## Task statement
Look below for the line containing "MED SURGE CMS"; from there through the line containing "Ниже представлены 10", both lines included, please set down each line exactly and nothing else.

## Data records

● ● ● ● ●

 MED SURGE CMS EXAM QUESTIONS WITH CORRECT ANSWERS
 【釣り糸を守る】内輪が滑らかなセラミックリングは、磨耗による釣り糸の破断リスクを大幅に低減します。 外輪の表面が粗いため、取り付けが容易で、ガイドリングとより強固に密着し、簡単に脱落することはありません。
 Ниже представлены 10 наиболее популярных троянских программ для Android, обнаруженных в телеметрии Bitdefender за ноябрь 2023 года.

● ● ● ● ●

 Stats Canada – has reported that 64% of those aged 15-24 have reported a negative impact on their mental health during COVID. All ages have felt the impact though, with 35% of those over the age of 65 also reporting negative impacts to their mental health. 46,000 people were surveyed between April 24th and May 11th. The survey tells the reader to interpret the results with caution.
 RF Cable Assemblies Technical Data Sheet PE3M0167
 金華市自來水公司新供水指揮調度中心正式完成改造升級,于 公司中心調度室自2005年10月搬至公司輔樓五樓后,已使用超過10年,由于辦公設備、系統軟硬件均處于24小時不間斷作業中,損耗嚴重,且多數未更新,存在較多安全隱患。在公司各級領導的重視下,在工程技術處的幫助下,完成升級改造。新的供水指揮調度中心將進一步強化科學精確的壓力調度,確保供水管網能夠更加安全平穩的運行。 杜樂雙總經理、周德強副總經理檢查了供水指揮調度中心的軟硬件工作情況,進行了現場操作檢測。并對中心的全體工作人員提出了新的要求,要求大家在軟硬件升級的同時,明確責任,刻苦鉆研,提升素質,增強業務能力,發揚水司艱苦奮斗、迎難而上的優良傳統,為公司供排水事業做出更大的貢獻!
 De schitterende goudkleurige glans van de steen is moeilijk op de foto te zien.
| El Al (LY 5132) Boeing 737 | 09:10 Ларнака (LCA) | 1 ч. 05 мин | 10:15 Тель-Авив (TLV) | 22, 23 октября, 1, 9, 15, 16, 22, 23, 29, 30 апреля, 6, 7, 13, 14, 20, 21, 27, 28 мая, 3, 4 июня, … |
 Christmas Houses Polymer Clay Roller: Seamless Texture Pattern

● ● ● ● ●

## Answer for this exercise
 MED SURGE CMS EXAM QUESTIONS WITH CORRECT ANSWERS
 【釣り糸を守る】内輪が滑らかなセラミックリングは、磨耗による釣り糸の破断リスクを大幅に低減します。 外輪の表面が粗いため、取り付けが容易で、ガイドリングとより強固に密着し、簡単に脱落することはありません。
 Ниже представлены 10 наиболее популярных троянских программ для Android, обнаруженных в телеметрии Bitdefender за ноябрь 2023 года.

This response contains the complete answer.